I've noticed that for file that successfully found FileMon reports too
many such errors:
DeviceIoControl, FAST IO DISALLOWED, Control: 0x12043
DeviceIoControl, INVALID PARAMETER, Control: 0x12043
One of the sources of these messages is:
win32.c > rb_w32_fclose > is_socket > getsockopt
I decided to reproduce this error. So, I wrote a test application linked
with msvcr80-ruby18-static.lib:
- - - - -
FILE * fp = fopen(fname, "r");
fclose(fp); // This results in rb_w32_fclose call.
- - - - -
But I do NOT get DeviceIoControl errors from my_test!
So in short
1. I get DeviceIoControl errors from rb_w32_fclose called by ruby.exe
2. I do NOT get DeviceIoControl from rb_w32_fclose called by my_test.exe
3. Errors come from the 'getsockopt' function.
Can any one explain this, please? How can we avoid errors comming from
ruby.exe?
Thank you,
- Alex
--
Posted via http://www.ruby-forum.com/.
Btw, is not there any better alternative for 'win32.c > is_socket'
function?
I did this with cygwin's version of Ruby
$ ruby -r a -e '1'
There was an empty file a.rb in the current directory.
I used Process Monitor 2.03 which is the successor of File Mon. I
exported the trace filtered for the file name in field "Path" and
"Process Name" for "ruby.exe". Please find the result attached. I did
not find any DeviceIoControl which might be because of the other ruby
version.
HTH
Cheers
robert
http://groups.google.com/group/comp.lang.ruby/msg/8f85de91d3c3ba77
Cheers
robert
--
remember.guy do |as, often| as.you_can - without end
Your logs looks good.
I tested again in such environment:
OS: Vista
Process Monitor: 2.03
Ruby: 1.8.6, 1.8.7, 1.9.0
Used the same a.rb and command line as you. I got similar results for
all ruby versions: every successfull read of a.rb is followed by ~60
DeviceIoControl.
I can't attach my CVS (posting from google site). How did you attach
it?
- Alex
And I also do not notice any slowdowns of require.
> I tested again in such environment:
> OS: Vista
> Process Monitor: 2.03
> Ruby: 1.8.6, 1.8.7, 1.9.0
My version was
ruby 1.8.7 (2008-08-11 patchlevel 72) [i386-cygwin]
> Used the same a.rb and command line as you. I got similar results for
> all ruby versions: every successfull read of a.rb is followed by ~60
> DeviceIoControl.
Maybe it's in your environment? Do you somehow require "rubygems"?
> I can't attach my CVS (posting from google site). How did you attach
> it?
I sent it via Newsreader to the newsgroup comp.lang.ruby.
Kind regards
robert
> ruby 1.8.7 (2008-08-11 patchlevel 72) [i386-cygwin]
Probably cygwin is not calling the same OS functions.
> Maybe it's in your environment?
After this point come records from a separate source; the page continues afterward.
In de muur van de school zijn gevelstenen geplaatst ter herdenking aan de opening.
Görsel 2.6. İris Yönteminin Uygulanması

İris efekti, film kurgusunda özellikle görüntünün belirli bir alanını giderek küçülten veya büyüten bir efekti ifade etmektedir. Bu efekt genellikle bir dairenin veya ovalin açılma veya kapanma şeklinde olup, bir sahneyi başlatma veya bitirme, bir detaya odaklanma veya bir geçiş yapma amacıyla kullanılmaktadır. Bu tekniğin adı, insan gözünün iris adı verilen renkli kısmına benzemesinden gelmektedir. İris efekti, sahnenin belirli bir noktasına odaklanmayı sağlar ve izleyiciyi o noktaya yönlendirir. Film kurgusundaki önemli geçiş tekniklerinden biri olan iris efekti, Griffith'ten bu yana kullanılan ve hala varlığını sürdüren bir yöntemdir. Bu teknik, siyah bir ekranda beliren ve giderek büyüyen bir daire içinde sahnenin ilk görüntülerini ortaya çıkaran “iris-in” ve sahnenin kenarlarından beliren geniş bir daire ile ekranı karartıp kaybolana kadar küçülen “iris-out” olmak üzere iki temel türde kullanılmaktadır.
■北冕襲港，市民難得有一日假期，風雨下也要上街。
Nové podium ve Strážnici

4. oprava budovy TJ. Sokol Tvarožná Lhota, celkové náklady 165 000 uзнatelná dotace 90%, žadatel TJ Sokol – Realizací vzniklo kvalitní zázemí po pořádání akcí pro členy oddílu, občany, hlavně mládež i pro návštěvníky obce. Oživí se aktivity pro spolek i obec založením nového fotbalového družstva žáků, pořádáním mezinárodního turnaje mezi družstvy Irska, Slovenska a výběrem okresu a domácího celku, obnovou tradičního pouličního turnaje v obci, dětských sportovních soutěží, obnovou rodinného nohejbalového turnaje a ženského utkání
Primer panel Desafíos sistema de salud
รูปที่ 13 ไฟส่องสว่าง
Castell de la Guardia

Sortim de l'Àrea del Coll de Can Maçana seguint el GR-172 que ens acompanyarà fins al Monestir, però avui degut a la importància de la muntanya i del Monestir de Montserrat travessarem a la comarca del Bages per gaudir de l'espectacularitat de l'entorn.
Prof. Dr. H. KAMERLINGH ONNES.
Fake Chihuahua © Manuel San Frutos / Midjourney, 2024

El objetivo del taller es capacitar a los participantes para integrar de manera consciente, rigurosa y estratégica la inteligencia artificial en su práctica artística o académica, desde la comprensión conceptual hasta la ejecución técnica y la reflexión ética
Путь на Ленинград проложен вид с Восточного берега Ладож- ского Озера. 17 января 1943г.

Do you somehow require "rubygems"?
I tested on Windows Server 2003. And I tryed with/without rubygems -
same results.
Btw, I compiled ruby from sources, and changed rb_w32_fclose.
//if (!is_socket(sock)) {
if(1) {
...
return fclose(fp);
}
The DeviceIoControl lines are gone. Then I checked the speed. I
installed rails 2.2.2, then did:
1. irb -rubygems
2. s = Time.now; require 'activesupport'; e = Time.now; e.to_f - s.to_f
For normal ruby results was:
~ 1.16 sec
For patched ruby:
~ 1.00 sec
Not a big advantage, but any way. Going to see if in more complex
situations this can be more valuable...
Yes, that's a likely explanation.
> For normal ruby results was:
> ~ 1.16 sec
>
> For patched ruby:
> ~ 1.00 sec
>
> Not a big advantage, but any way. Going to see if in more complex
> situations this can be more valuable...
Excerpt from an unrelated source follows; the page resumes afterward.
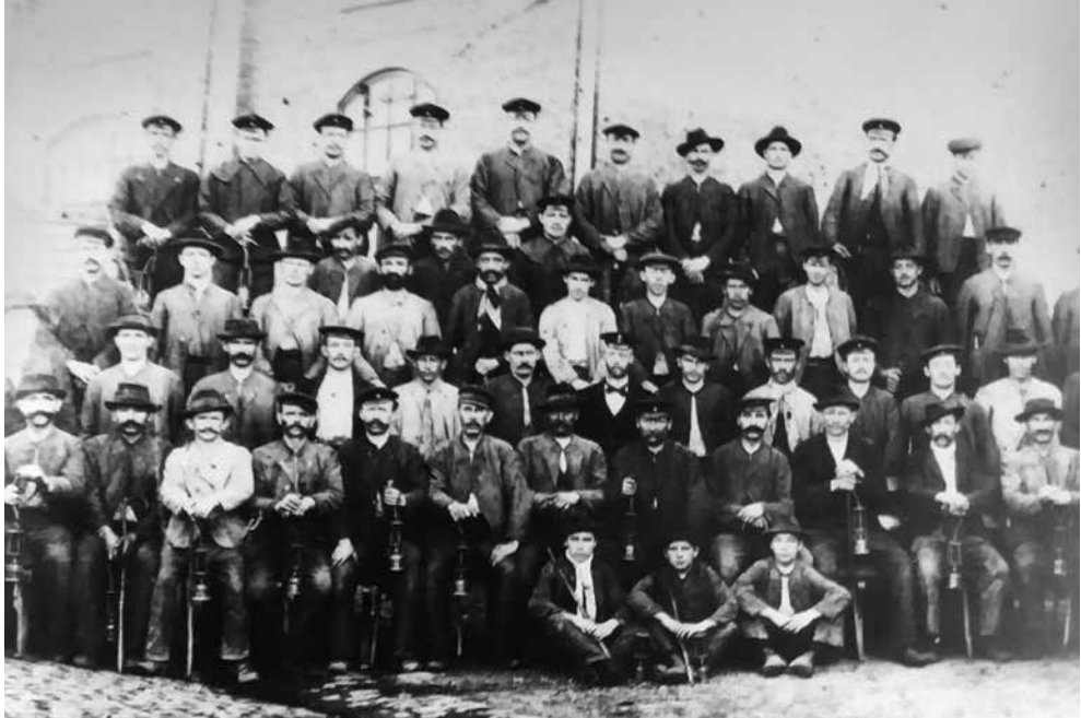
Wiesbacher und Humeser Bergleute um 1900 vor der Grube Göttelborn

Das Unternehmen hatte 1927 und auch 1948 mit mehr als 4500 Mitarbeitern die höchste Beschäftigtenzahl. 1) Viele davon kamen aus den genannten Orten.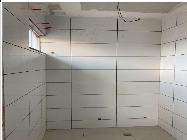
Fig. 11 – Execução de revestimentos e instalações hidráulicas

I don't think it's worth the hassle. Just my 0.02EUR...
Kind regards
I see the same issue here, with MSVC builds. However, with MingW
builds, i don't get the problem. The is_socket function you mention
has been changed significantly in 1.9.1 anyway.
Submit a patch to core :)
-=R
This was not a patch, just an experiment. I simply commented a call to
is_socket in rb_w32_fclose function. The 'require' works, but socket
related functionality whould be broken :-) And as for now I see no
significant improvements, not going to continue.